У них родилась дочь, которую они назвали Мириам и в возрасте трех лет посвятили Храму. Священник поцеловал ее, благословил и усадил у подножия алтаря. Она стала жить при Храме, и единственной заботой ее было служение Богу. Когда пришло время ткать новую завесу для Храма, это поручили восьмерым девушкам из дома Давидова. Они бросили жребий, каким материалом кому работать: одна вытянула золото, другая – серебро, третья – лен, четвертая – шелк, пятая – лазурь. Мириам достались багрец и пурпур.

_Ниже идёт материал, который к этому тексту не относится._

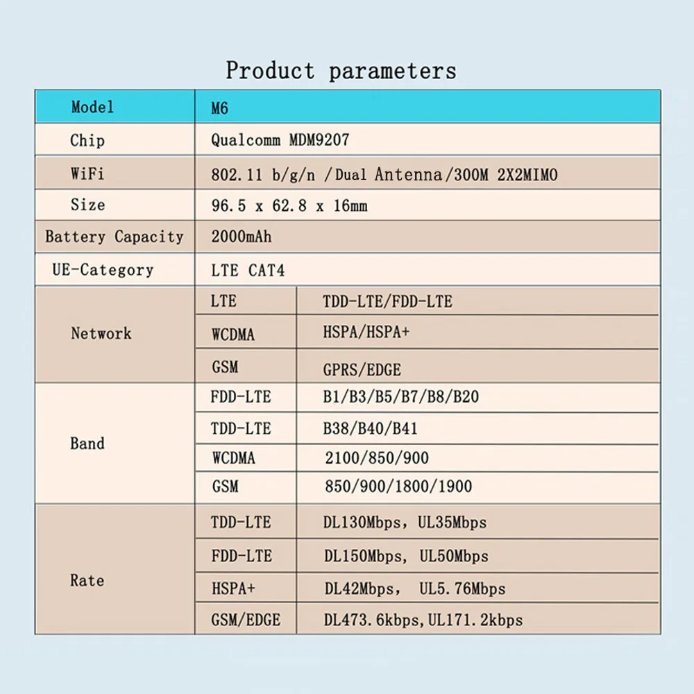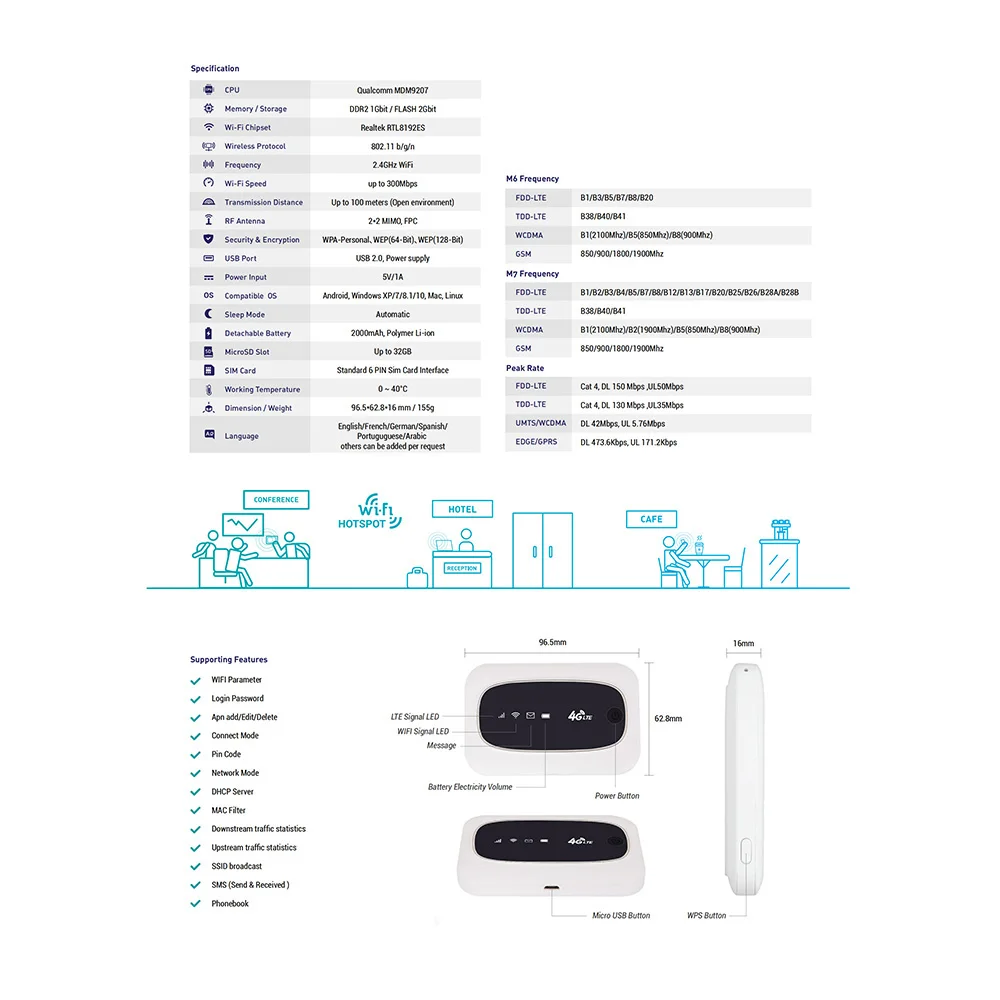 Если вы не знаете сетевой диапазон, пожалуйста, проверьте frequncy band Узнайте его: https://en.wikipedia.org/wiki/List_of_LTE_networks.,,mainly предназначен для SOHO, пользователей транспортных средств, деловых путешественников и путешественников на открытом воздухе, легко подключается и легко переносится в ручную обмен Wi-Fi сигналом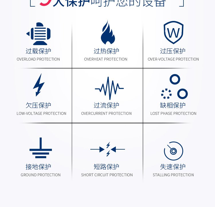 ⊙提供多种故障保护功能:过流、过压、欠压、过温、缺相、过载等保护功能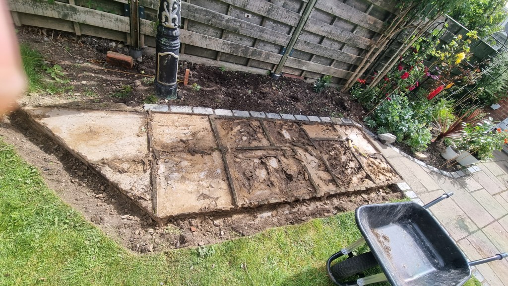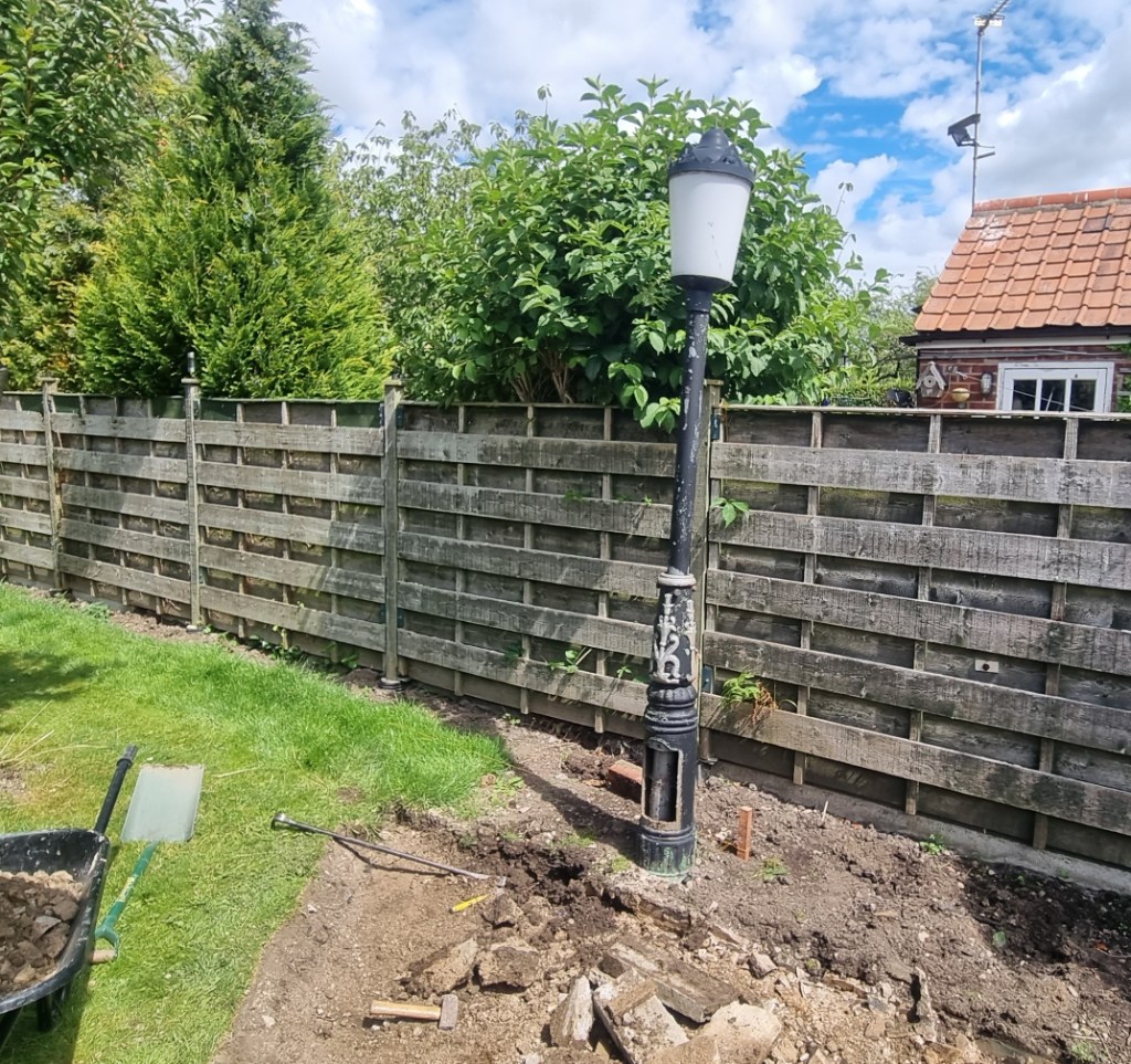 Before I could start on the building bit, I had a small lamp post to remove as well. At some point one of the previous owners thought it’s a good idea to have a cast iron lamp post in their garden. I really don’t think it was. It took me a while to break the concrete up bit eventually the lamp post was out as well.

Достигнув зрелости, она не могла больше жить в Храме, и первосвященник посоветовал выдать ее замуж, лучше за вдовца. Родители стали искать жениха, чтобы был он, как и она, из дома Давидова и чтобы пользовался хорошей репутацией, ибо они боялись доверить свою дочь первому встречному. Такой человек нашелся в Галилее, в местечке, где проживала сотня «нетцеров», то есть выходцев из царской семьи, и которое называлось потому Назарет. Иосиф занимался весьма уважаемым ремеслом – он был плотником, был он богобоязнен, а во сне ему часто являлись ангелы (так‑так!). Мириам обручилась с Иосифом, и тот увез ее к себе в Назарет. Скоро они поженятся.
* * *
Он закрывает досье.
Крылья его раскрываются и наполняются ветром, который уносит его вдаль.
Чем люди живы
На метро Махмуд опоздал.
Теперь ему придется возвращаться к себе на окраину пешком, а теплой куртки на меху, которую он собирался купить, у него не было. Два, три, четыре часа ходьбы? Неизвестно. Прожив две трети жизни во Франции и ни разу не побывав за это время на родине (он хотел сохранить свое тело в целости), он знал только два замызганных, светящихся неоновыми лампами островка, соединенных длинным туннелем. На одном конце туннеля – населенный эмигрантами окраинный район, где он жил, с пряными запахами, татуированными женщинами, арабской музыкой и развевающимся на балконах бельем. На другом – парижский квартал, где в вонючих лавчонках, зажатых между ярко‑розовыми секс‑шопами, он покупал кожу, а затем продавал сшитые из нее восточные туфли. А какая у этого туннеля длина – он понятия не имел. Махмуд мог бы идти по станциям метро: он заучил их названия, как молитву, а когда‑то умел даже читать по карте, что было предметом его немалой гордости. Так что, когда он увидел, как последний поезд исчезает в туннеле, словно сабля в ножнах, он только проворчал, поежившись:
– Все‑таки Бога нет.
Он любил это выражение, потому что оно заключало в себе не свойственный исламу протест и не было при этом откровенным богохульством. Он любил его и потому, что оно причиняло ему боль, ту самую боль, которая вот уже тридцать лет постоянно сопровождала его. «Все‑таки Бога нет!» Конечно же, Бог есть. Но это уже другая история, и не людям в этом разбираться. Нетвердо шагая по снегу, в который по щиколотку проваливались его дырявые башмаки (сапожник без сапог – известное дело), он пошел в ночь.
А было все так.
Махмуд поехал на Барбес,[29]чтобы купить себе теплую куртку на меху. У него были кое‑какие сбережения, а остальное он рассчитывал добавить из тех денег, что были должны ему клиенты. Но вы знаете, что такое клиенты. Хамид выдавал замуж дочь, Кадер хоронил мать, Хамана только что приехала из родных краев, а Бушларем недавно вышел из тюрьмы. Все они обещали расплатиться с Махмудом – кто завтра, кто на следующей неделе, а кто и через месяц. Теплая куртка на меху в ближайшее время ему явно не светила, сбережения были теперь вроде как и ни к чему, так что напрашивалось самое разумное решение – пропить их. Чем Махмуд и занялся, добросовестно и методично, не пропуская ни одного бистро, пронзавшего заснеженную тьму ярким светом своей витрины. В каждом заведении он выпивал по стаканчику. Тридцатилетнее попрание законов Корана не закалило его сердца, и каждый стакан добавлял горечи в его измученную угрызениями душу. В результате чего, когда он вышел из последнего бистро, опоздав на последний поезд, в его глазах блестели слезы, и причиной тому был не только холод.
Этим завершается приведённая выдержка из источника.